▶ [What you should do]: Restate the listing below exactly, images excluded.
─── Data block
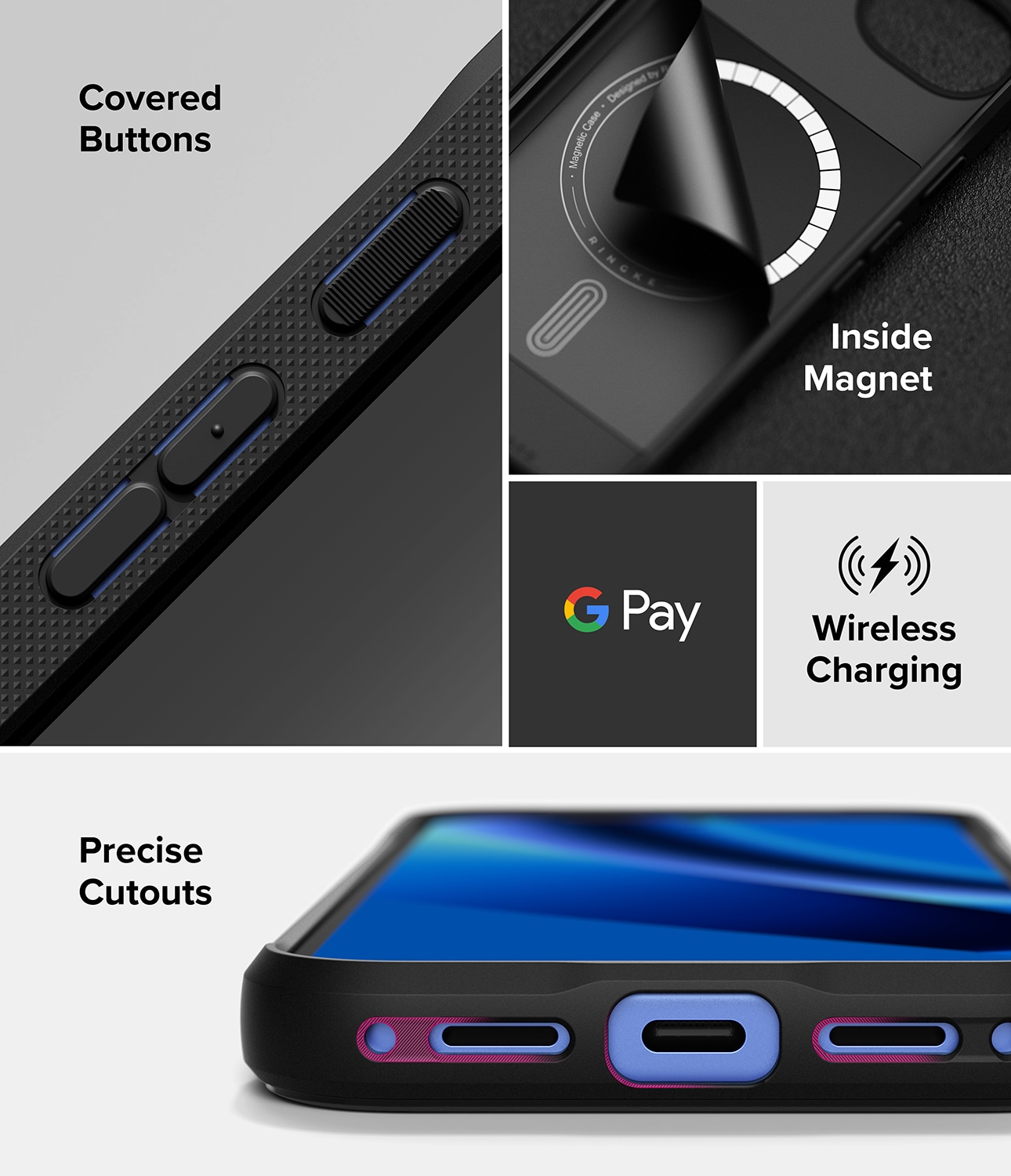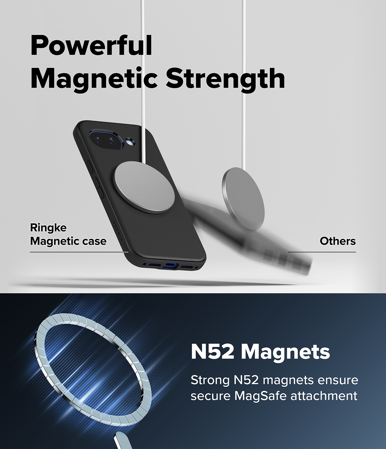 Dette er Onyx Magnetic Case, det tøffe og stilige MagSafe-dekselet til Google Pixel 10a fra Ringke. Dette er ikke bare et deksel – det er en ridder i skinnende rustning med sitt elegante utseende og knallbra støtbeskyttelse. Tenk deg forsterkede hjørner som et ekstra skjold, hevede kanter som en vollgrav, og knapper så taktile at de føles som et hemmelig håndtrykk. Takket være den innebygde magnetiske ringen er dekselet fullt MagSafe-kompatibelt, perfekt for lading eller kortholdere.
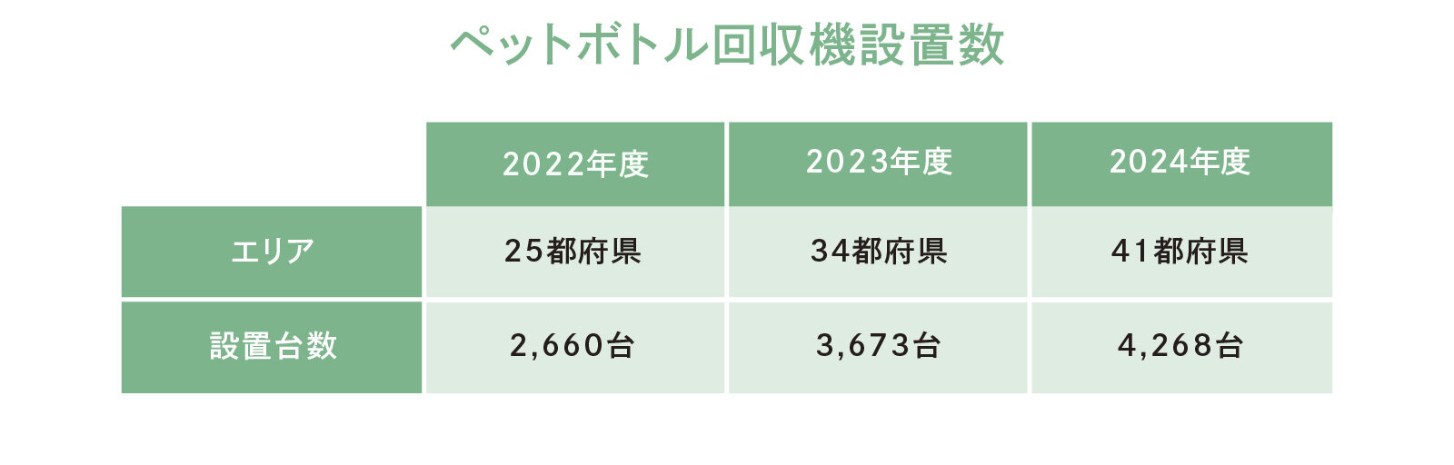 セブン‐イレブン・ジャパンでは、2015年12月より、東京都江東区内の5店舗でペットボトル回収機の実証実験を実施し、その後2017年12月から、環境省の省CO2 型プラスチック高度リサイクル設備導入事業として、東京都と埼玉県の店舗に設置を拡大しました。2019年9月には沖縄県、2020年1月には横浜市へペットボトル回収機を設置し、その後全国の店舗へ順次設置を拡大しています。
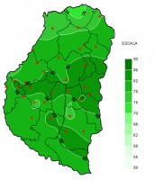 Tal como viene ocurriendo desde el mes anterior las precipitaciones estuvieron presentes en forma generalizada durante este período de análisis con una distribución bastante uniforme, que mantuvo una alta nubosidad y por consecuencia una baja Tasa de Radiación Solar media. La Humedad Relativa ambiente continuó en ascenso y prácticamente en forma constante se mantuvo muy alta. En el caso de las Horas de mojado foliar, contrariamente a lo que se podría esperar, en esta oportunidad la distribución de las mismas fue contraria a la de las precipitaciones y, como consecuencia de la circulación de los vientos y de las masas de aire húmedo, el acumulado fue mayor en aquellas zonas donde las precipitaciones fueron menos intensas.
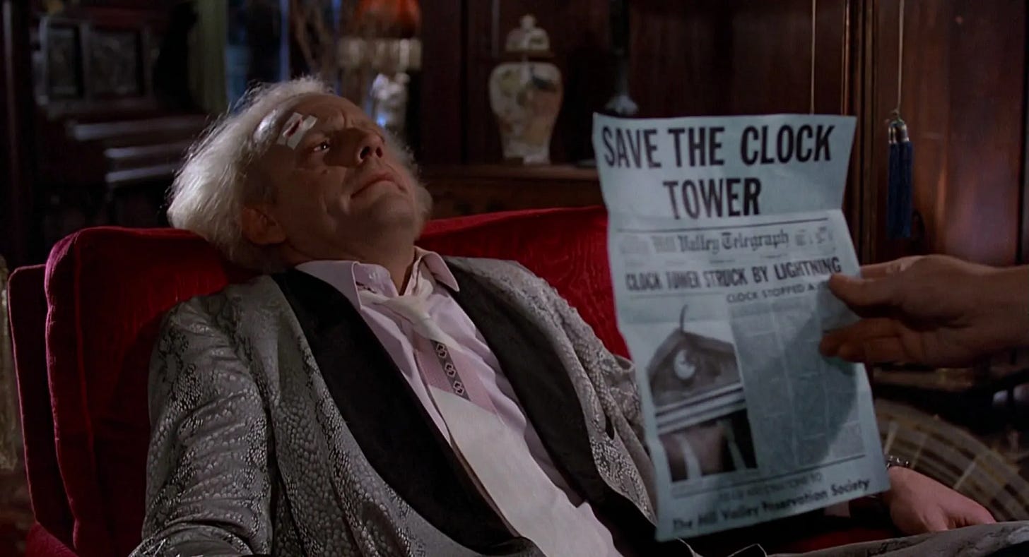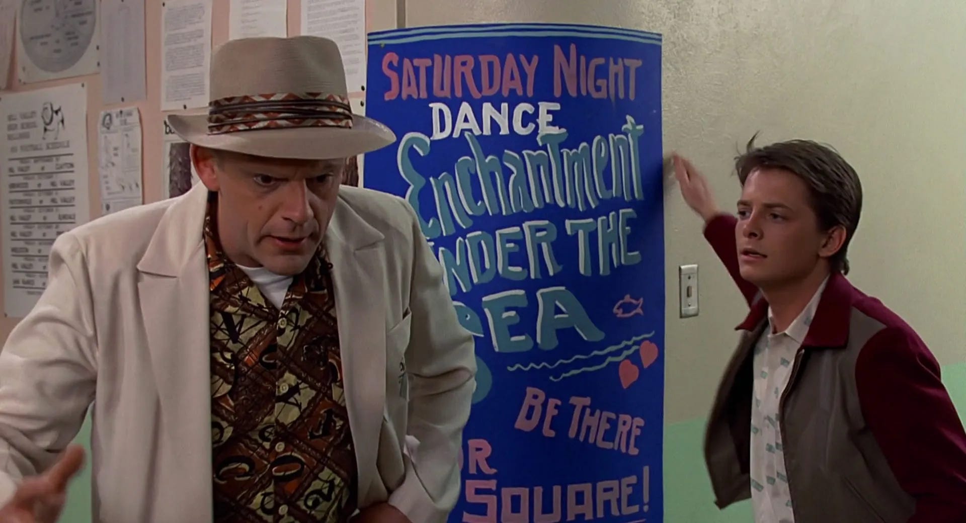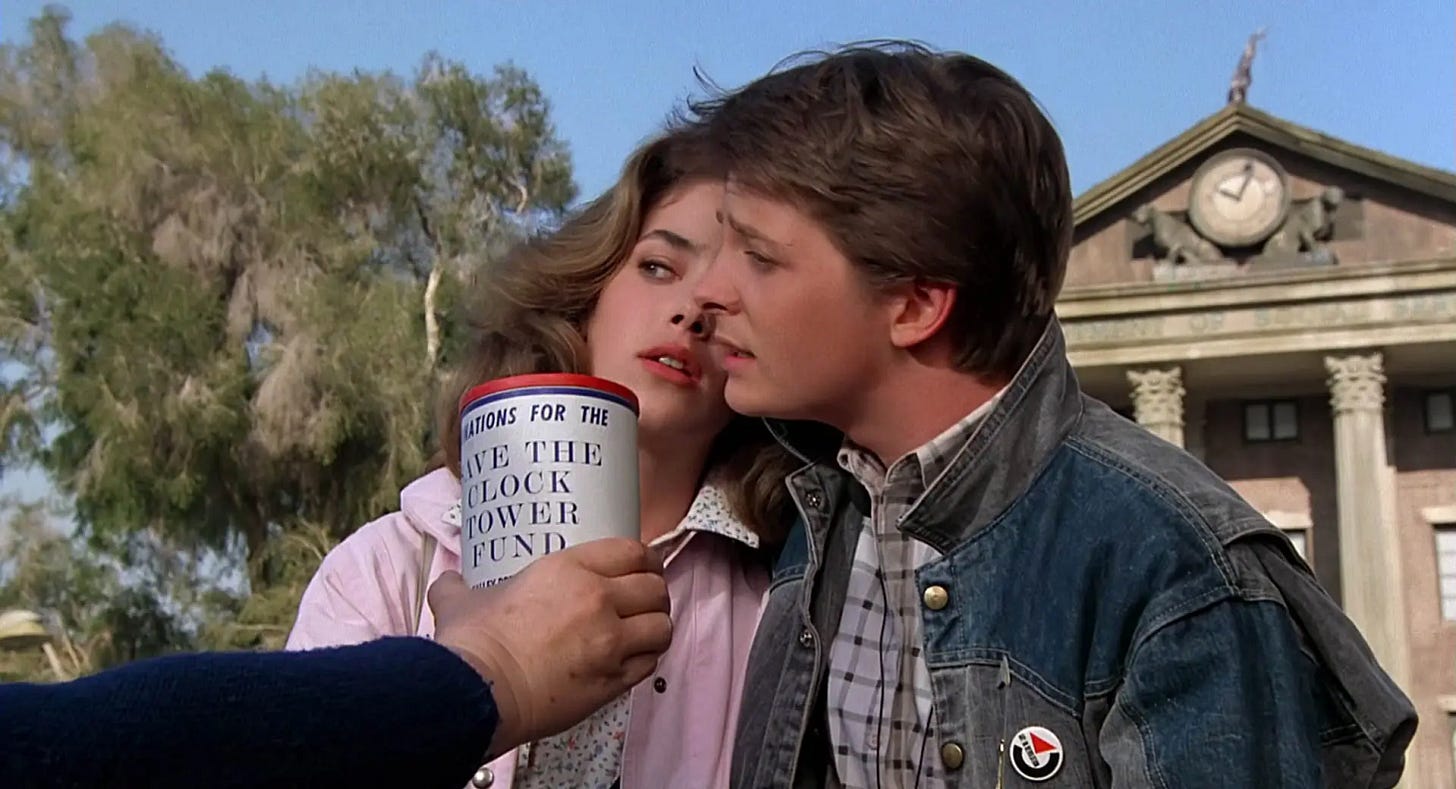 As an entertainment delivery system, Back to the Future is military grade in its efficiency. Like Walt Disney, its artistry comes from how dutifully it enthralls the viewer. There isn’t a moment that doesn’t advance the story in some keen way. Every line of dialogue, every plot point, every sight gag is engineered to pay off. Rather than just act on the viewer with lots of gags (ILM visual effects art director Phillip Norwood and visual effects supervisor Ken Ralston among the animators and technicians), the screenplay by Robert Zemeckis & Bob Gale finds another gear by asking us to participate with it. The screenplay not only gives Marty two puzzles to solve–fixing the time machine and matchmaking his parents, both necessary for him to have a future to return to–but slips us clues along the way. We remember Lorraine’s story about falling in love with George when her father hits him with the car and realize Marty is in trouble when he gets hit instead. We remember the volunteer telling Marty the tale about the clock tower being struck by lightning in 1955 and figure that’s how Doc can anticipate where lightning will strike. Back to the Future functions like an interactive game, but it’s not, it’s just great screenwriting. One of the reasons it’s aged so well along with Clue (1985) is that both movies are fun to riddle out, even after one viewing.
──────
▶ [Solution to this problem]:
 Dette er Onyx Magnetic Case, det tøffe og stilige MagSafe-dekselet til Google Pixel 10a fra Ringke. Dette er ikke bare et deksel – det er en ridder i skinnende rustning med sitt elegante utseende og knallbra støtbeskyttelse. Tenk deg forsterkede hjørner som et ekstra skjold, hevede kanter som en vollgrav, og knapper så taktile at de føles som et hemmelig håndtrykk. Takket være den innebygde magnetiske ringen er dekselet fullt MagSafe-kompatibelt, perfekt for lading eller kortholdere.
 セブン‐イレブン・ジャパンでは、2015年12月より、東京都江東区内の5店舗でペットボトル回収機の実証実験を実施し、その後2017年12月から、環境省の省CO2 型プラスチック高度リサイクル設備導入事業として、東京都と埼玉県の店舗に設置を拡大しました。2019年9月には沖縄県、2020年1月には横浜市へペットボトル回収機を設置し、その後全国の店舗へ順次設置を拡大しています。
 Tal como viene ocurriendo desde el mes anterior las precipitaciones estuvieron presentes en forma generalizada durante este período de análisis con una distribución bastante uniforme, que mantuvo una alta nubosidad y por consecuencia una baja Tasa de Radiación Solar media. La Humedad Relativa ambiente continuó en ascenso y prácticamente en forma constante se mantuvo muy alta. En el caso de las Horas de mojado foliar, contrariamente a lo que se podría esperar, en esta oportunidad la distribución de las mismas fue contraria a la de las precipitaciones y, como consecuencia de la circulación de los vientos y de las masas de aire húmedo, el acumulado fue mayor en aquellas zonas donde las precipitaciones fueron menos intensas.
 As an entertainment delivery system, Back to the Future is military grade in its efficiency. Like Walt Disney, its artistry comes from how dutifully it enthralls the viewer. There isn’t a moment that doesn’t advance the story in some keen way. Every line of dialogue, every plot point, every sight gag is engineered to pay off. Rather than just act on the viewer with lots of gags (ILM visual effects art director Phillip Norwood and visual effects supervisor Ken Ralston among the animators and technicians), the screenplay by Robert Zemeckis & Bob Gale finds another gear by asking us to participate with it. The screenplay not only gives Marty two puzzles to solve–fixing the time machine and matchmaking his parents, both necessary for him to have a future to return to–but slips us clues along the way. We remember Lorraine’s story about falling in love with George when her father hits him with the car and realize Marty is in trouble when he gets hit instead. We remember the volunteer telling Marty the tale about the clock tower being struck by lightning in 1955 and figure that’s how Doc can anticipate where lightning will strike. Back to the Future functions like an interactive game, but it’s not, it’s just great screenwriting. One of the reasons it’s aged so well along with Clue (1985) is that both movies are fun to riddle out, even after one viewing.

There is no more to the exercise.